## COLLECTED MATERIAL

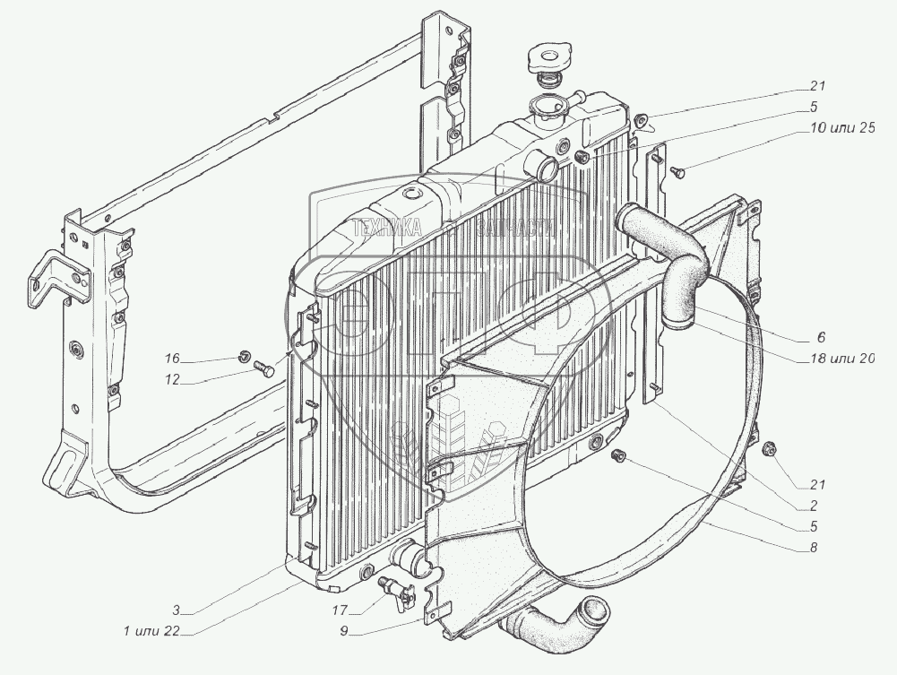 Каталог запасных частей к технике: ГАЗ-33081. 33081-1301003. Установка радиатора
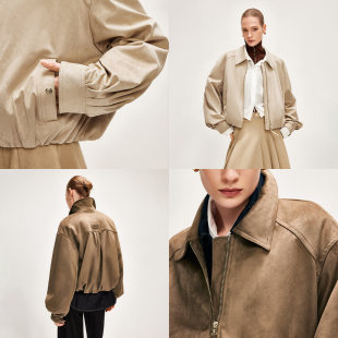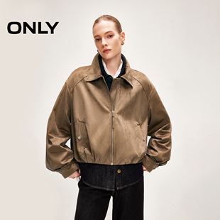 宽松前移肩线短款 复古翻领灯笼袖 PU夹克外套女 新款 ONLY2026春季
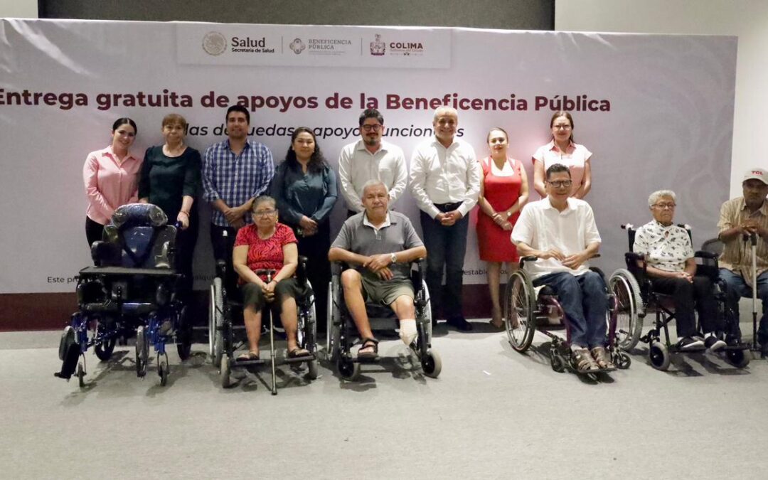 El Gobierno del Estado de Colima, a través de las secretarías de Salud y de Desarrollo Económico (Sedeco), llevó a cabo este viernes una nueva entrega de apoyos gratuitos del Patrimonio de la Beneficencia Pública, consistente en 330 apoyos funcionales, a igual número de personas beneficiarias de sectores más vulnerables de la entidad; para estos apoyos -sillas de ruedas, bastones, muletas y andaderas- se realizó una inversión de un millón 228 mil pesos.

## TASK OBJECTIVE
All of the data must be repeated exactly, except for the pictures.

## RESULT FOR THIS EXERCISE
 Каталог запасных частей к технике: ГАЗ-33081. 33081-1301003. Установка радиатора
 宽松前移肩线短款 复古翻领灯笼袖 PU夹克外套女 新款 ONLY2026春季
 El Gobierno del Estado de Colima, a través de las secretarías de Salud y de Desarrollo Económico (Sedeco), llevó a cabo este viernes una nueva entrega de apoyos gratuitos del Patrimonio de la Beneficencia Pública, consistente en 330 apoyos funcionales, a igual número de personas beneficiarias de sectores más vulnerables de la entidad; para estos apoyos -sillas de ruedas, bastones, muletas y andaderas- se realizó una inversión de un millón 228 mil pesos.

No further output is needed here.